(Collected data)
[Start of section]

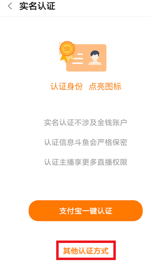 当然,我们也可以使用身份证认证,在实名认证界面中点击【其他方式认证】。
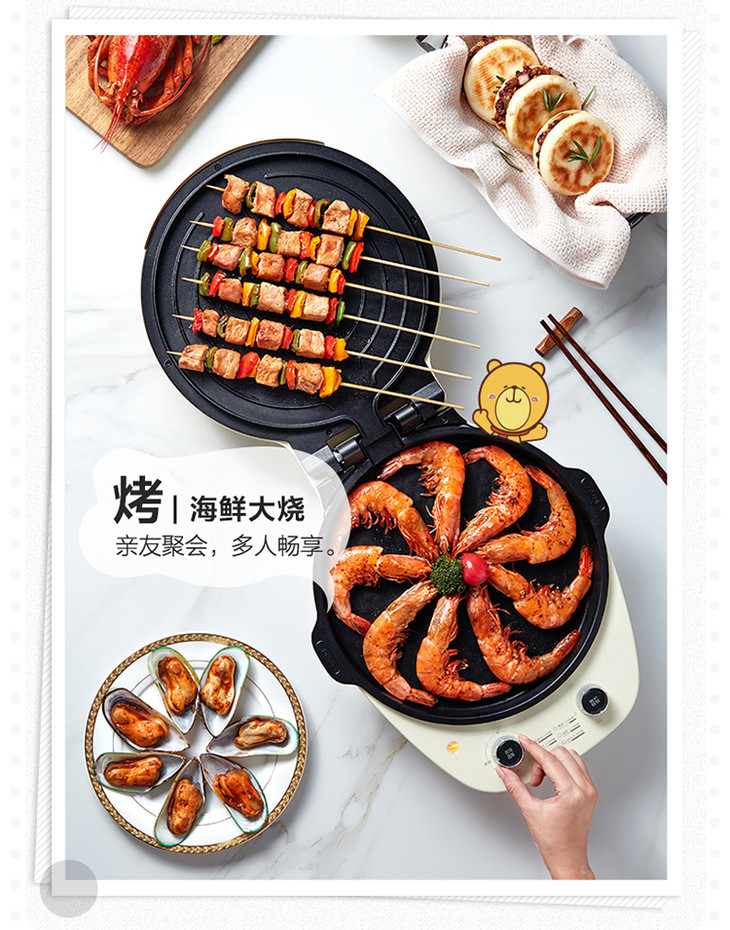 小熊/BEAR电饼铛家用加大加深可拆卸拆洗双面加热悬浮可定时调温烙饼 DBC-C13F1
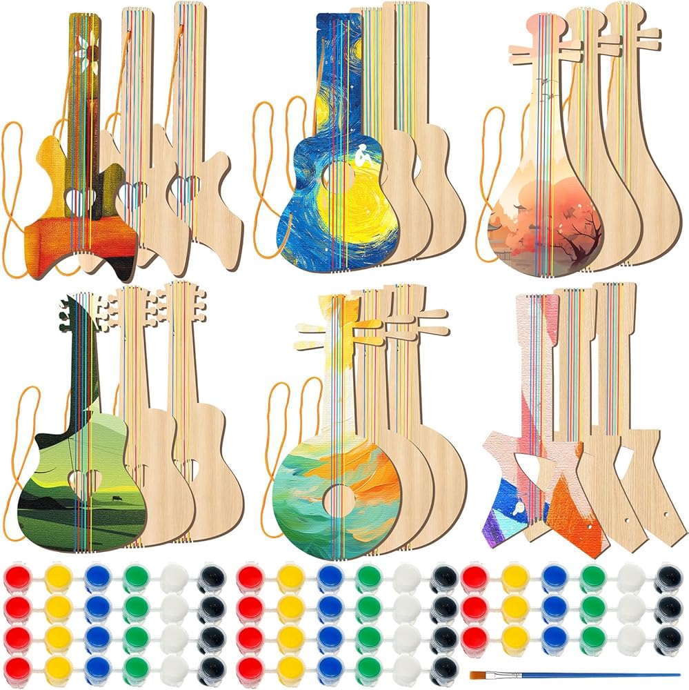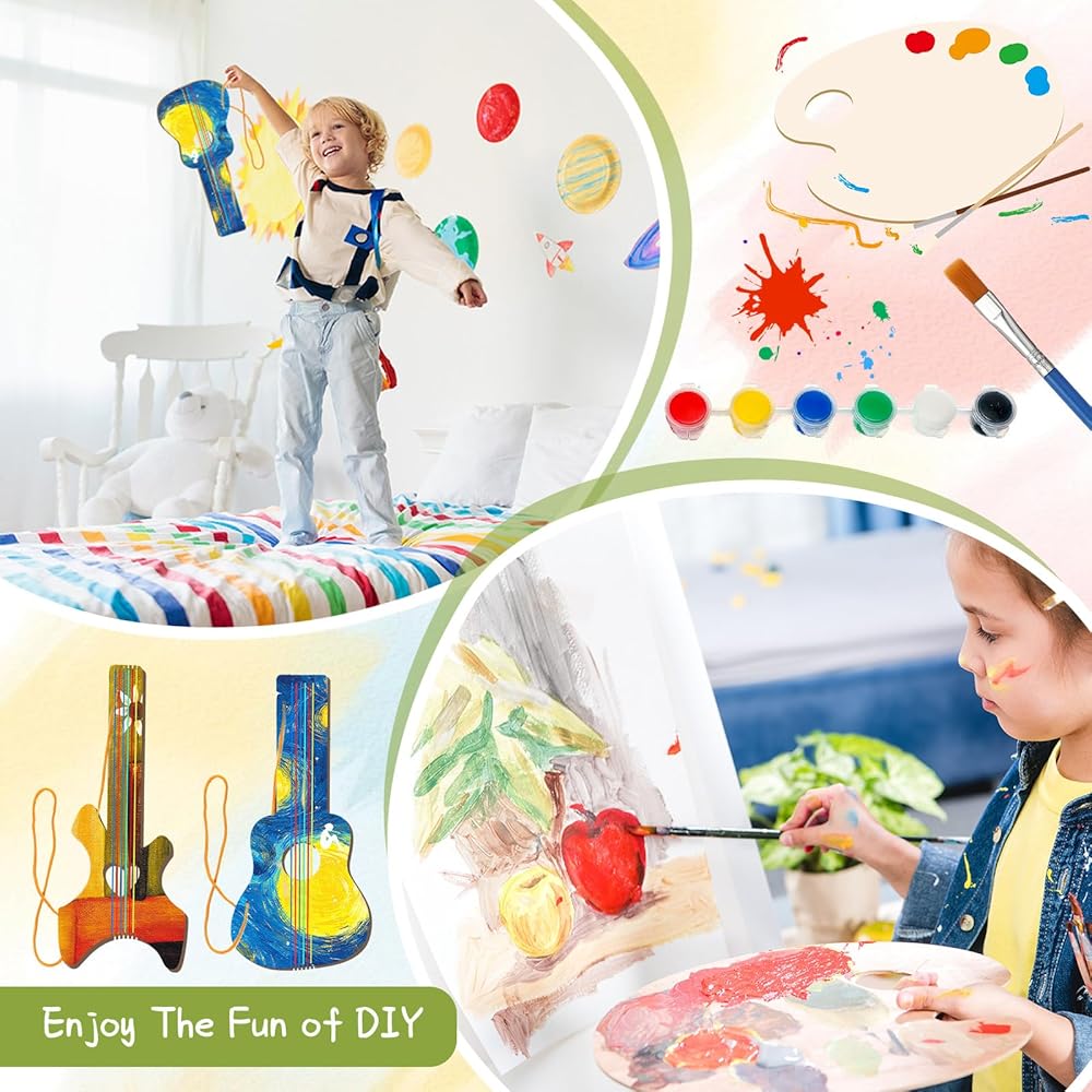 Attractive Design: the DIY wood guitars come in 6 different shapes and designs that are visually appealing and attractive; The designs are delicate and stylish, making them suitable for most occasions and parties; The guitars have a smooth surface that's easy to paint on, allowing little ones to create their own designs; The pigments with paintbrushes come in a variety of colors that can be mixed and matched to create different shades and hues
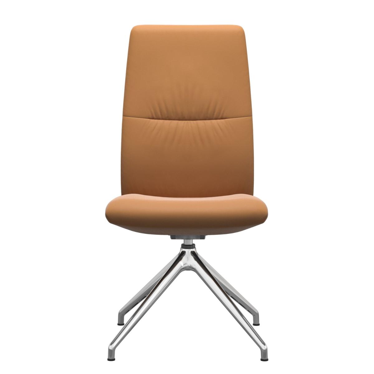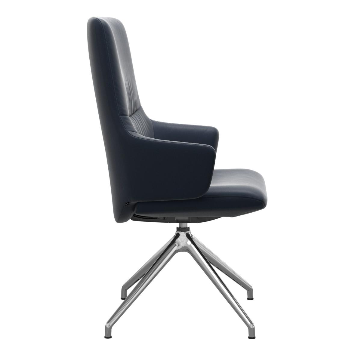 The Stressless® Mint High Back Dining Chair allows you to experience true Stressless® comfort in style. The dining chair's soft and inviting design makes it perfect for enjoyable moments around the dining table. The innovative flexibility in the seat and back allows the dining chair to follow even the slightest movement of the body, meaning you can enjoy the meal even longer due to the supreme comfort and support. Put your personal touch on your dining chair by designing it just the way you want. Choose whether you want your chair with or without armrests, customise your cross base by choosing the steel finish on the legs, and opt for either Paloma or Batick leather grades in a wide range of colours.
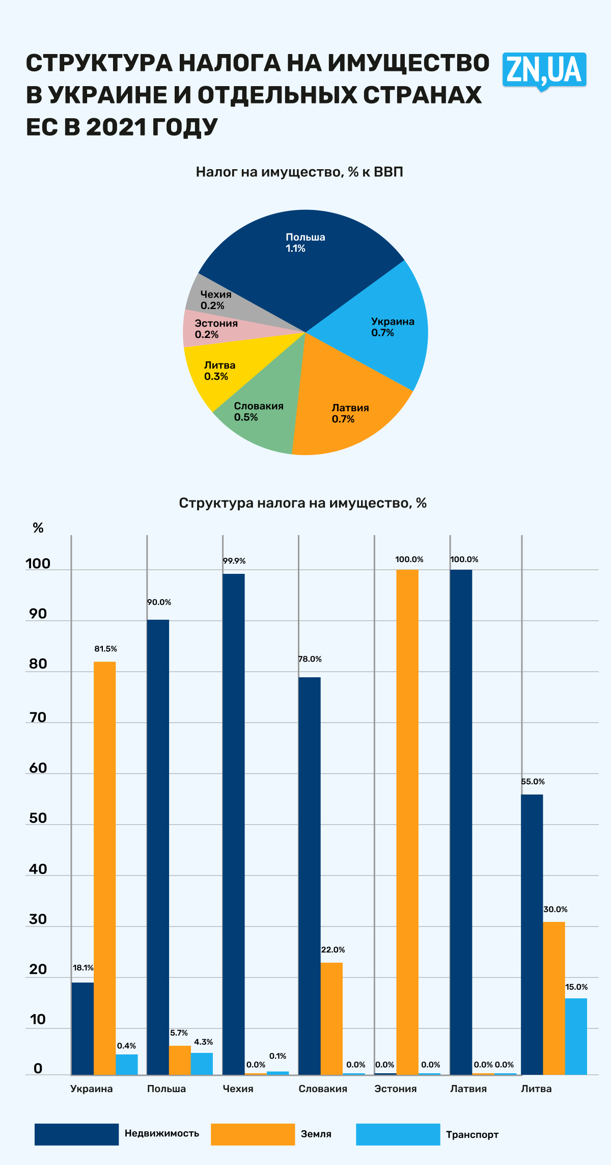 Итак, как показано в приведенной ниже таблице, совокупная доля в ВВП налога на имущество в Украине в 2021 году составляла 0,7%, что отвечает уровню Латвии. Основные поступления от имущественных налогов в Украине собираются с земельных участков, и это не удивляет. Например, в Эстонии базой имущественного налога вообще выступает только земля. В отличие от этого, Латвия облагает налогами лишь жилую и нежилую недвижимость, ее же в основном облагают налогами и поляки. Наверное, Литва в наибольшей степени из представленных стран приблизилась к паритету в соотношении поступлений налога от недвижимости, земли и транспорта.
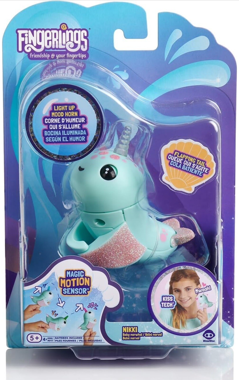 New WowWee Interactive Fingerlings Nikki the Baby Narwhal Motion Sensor Light Up

[End of section]

What to produce: Retype the data above exactly. Leave the pictures out.

Answer to this problem:
 当然,我们也可以使用身份证认证,在实名认证界面中点击【其他方式认证】。
 小熊/BEAR电饼铛家用加大加深可拆卸拆洗双面加热悬浮可定时调温烙饼 DBC-C13F1
 Attractive Design: the DIY wood guitars come in 6 different shapes and designs that are visually appealing and attractive; The designs are delicate and stylish, making them suitable for most occasions and parties; The guitars have a smooth surface that's easy to paint on, allowing little ones to create their own designs; The pigments with paintbrushes come in a variety of colors that can be mixed and matched to create different shades and hues
 The Stressless® Mint High Back Dining Chair allows you to experience true Stressless® comfort in style. The dining chair's soft and inviting design makes it perfect for enjoyable moments around the dining table. The innovative flexibility in the seat and back allows the dining chair to follow even the slightest movement of the body, meaning you can enjoy the meal even longer due to the supreme comfort and support. Put your personal touch on your dining chair by designing it just the way you want. Choose whether you want your chair with or without armrests, customise your cross base by choosing the steel finish on the legs, and opt for either Paloma or Batick leather grades in a wide range of colours.
 Итак, как показано в приведенной ниже таблице, совокупная доля в ВВП налога на имущество в Украине в 2021 году составляла 0,7%, что отвечает уровню Латвии. Основные поступления от имущественных налогов в Украине собираются с земельных участков, и это не удивляет. Например, в Эстонии базой имущественного налога вообще выступает только земля. В отличие от этого, Латвия облагает налогами лишь жилую и нежилую недвижимость, ее же в основном облагают налогами и поляки. Наверное, Литва в наибольшей степени из представленных стран приблизилась к паритету в соотношении поступлений налога от недвижимости, земли и транспорта.
 New WowWee Interactive Fingerlings Nikki the Baby Narwhal Motion Sensor Light Up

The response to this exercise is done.